Eliana Johnson reports for National Review Online about the recent buzz surrounding Florida Sen. Marco Rubio.

Jeb Bush’s announcement in December launched both a fundraising juggernaut and an aggressive hiring spree, and Scott Walker’s speech in Iowa the following month lifted Walker to the top of national polls. But a little more than a month later, says the operative, “The Jeb boom is over and people are having second thoughts about Walker.”

The beneficiary in terms of buzz is Marco Rubio, who now has many of the party’s top donors looking at him in a way they weren’t even a month ago. Though Rubio hasn’t made as much noise as his competitors as the 2016 campaign has gotten underway in earnest, his knowledgeable presentations and obvious political talent are nonetheless turning heads or, at least, enough of them. Rubio hasn’t made a big splash, neither building a “shock and awe” campaign like Bush nor delivering a marquee speech like Walker (who afterward seemed almost to be caught off guard by his rapid ascent).
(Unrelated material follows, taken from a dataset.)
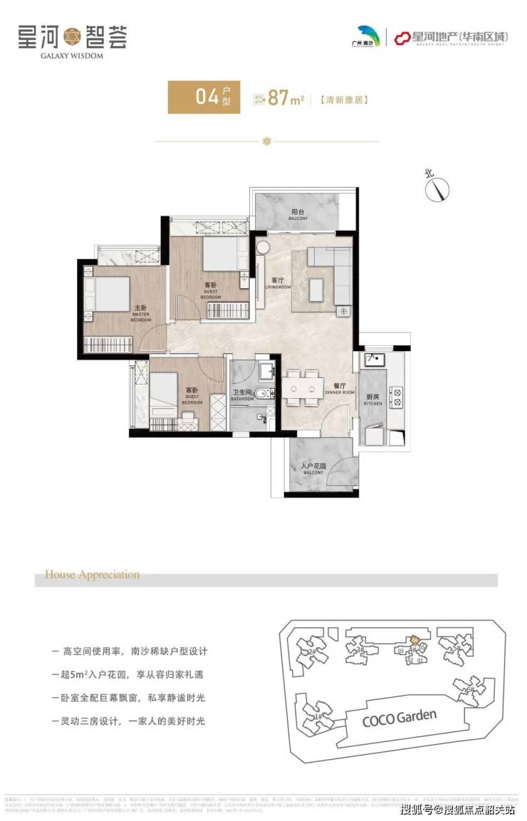 商业配套方面,项目自带的COCO Garden将成为南沙地区的重要商业综合体,包含了各类零售店、餐饮、娱乐等商业设施,满足居民日常生活的所有需求。
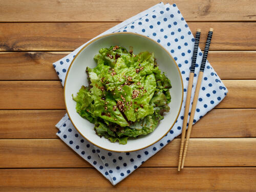 まずは、チョレギサラダに欠かせないサンチュの選び方から。レタスの仲間であるサンチュは、鮮度とみずみずしさが大切だ。一般的なレタスと比べ、葉の部分が球体になっていないサンチュは、葉先の色に注目してほしい。しっかりと濃い緑色をしていることが、美味しいサンチュの大前提である。色だけでなく、触り心地と香りもあわせてチェックしよう。みずみずしくパリッとした触り心地とさわやかな青々しい香りは、美味しいサンチュであることの証。サンチュそのものの味わいは、チョレギサラダの仕上がりに大きく影響する。チョレギサラダを作るときは、まずじっくりと使用するサンチュを選定しよう。

Instead, Rubio appears to be gambling on the idea that, in what is sure to be a long primary with a crowded field, a slow-and-steady approach will prevail.

The buzz about Rubio comes on the heels of a successful but nonetheless low-profile book tour that took him through the early-primary states of Iowa, South Carolina, Nevada, and New Hampshire, and as the frenetic motion around Bush and Walker has begun to subside.